Your assignment: Your response should be an exact transcription of the data, images excluded.

Data section:
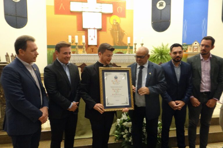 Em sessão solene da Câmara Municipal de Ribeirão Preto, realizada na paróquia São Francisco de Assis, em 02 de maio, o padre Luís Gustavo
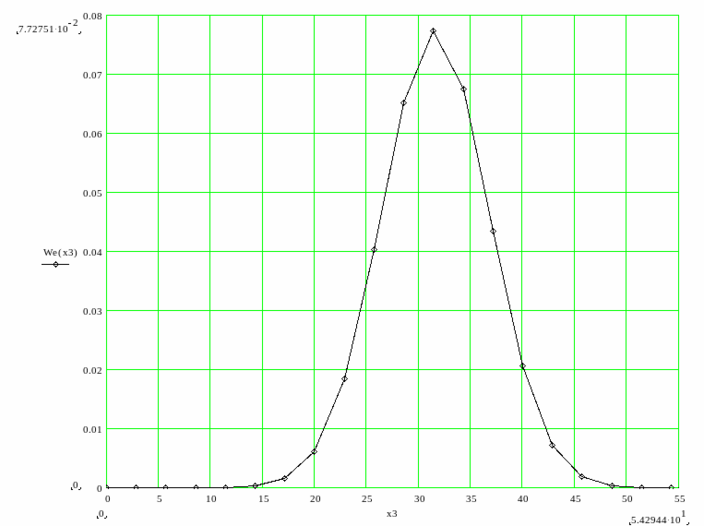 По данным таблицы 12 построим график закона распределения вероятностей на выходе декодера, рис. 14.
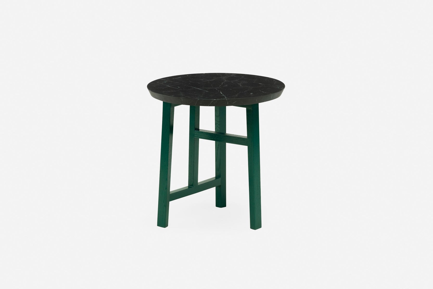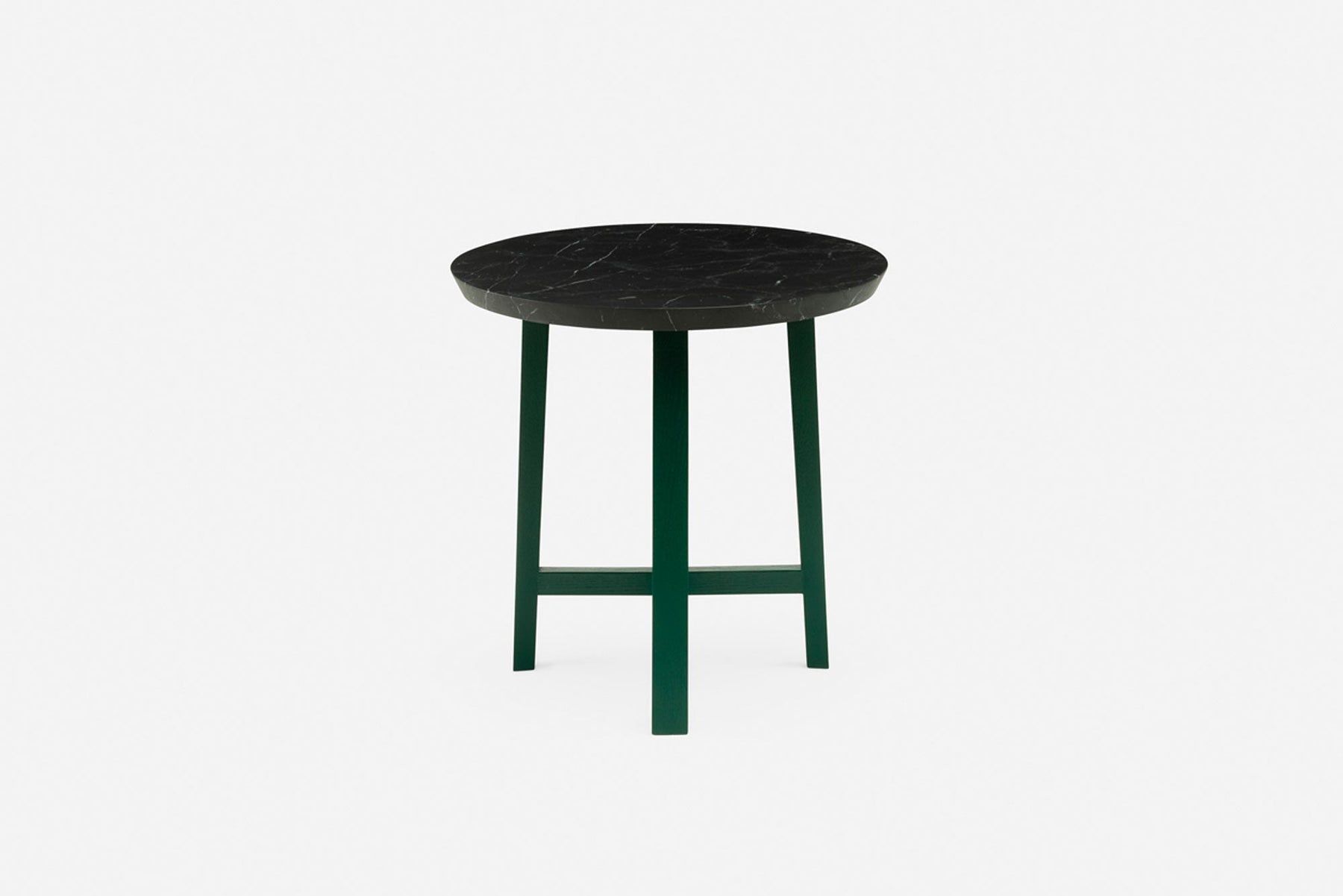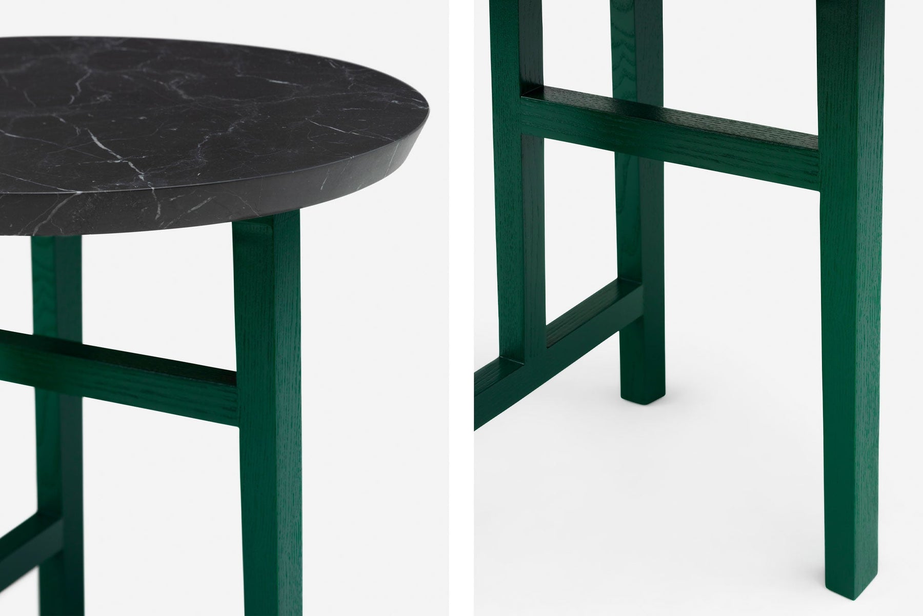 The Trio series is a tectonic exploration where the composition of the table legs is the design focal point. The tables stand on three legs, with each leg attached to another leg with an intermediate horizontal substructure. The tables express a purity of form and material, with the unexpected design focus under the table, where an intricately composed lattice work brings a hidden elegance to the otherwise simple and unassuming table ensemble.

Solution:
 Em sessão solene da Câmara Municipal de Ribeirão Preto, realizada na paróquia São Francisco de Assis, em 02 de maio, o padre Luís Gustavo
 По данным таблицы 12 построим график закона распределения вероятностей на выходе декодера, рис. 14.
 The Trio series is a tectonic exploration where the composition of the table legs is the design focal point. The tables stand on three legs, with each leg attached to another leg with an intermediate horizontal substructure. The tables express a purity of form and material, with the unexpected design focus under the table, where an intricately composed lattice work brings a hidden elegance to the otherwise simple and unassuming table ensemble.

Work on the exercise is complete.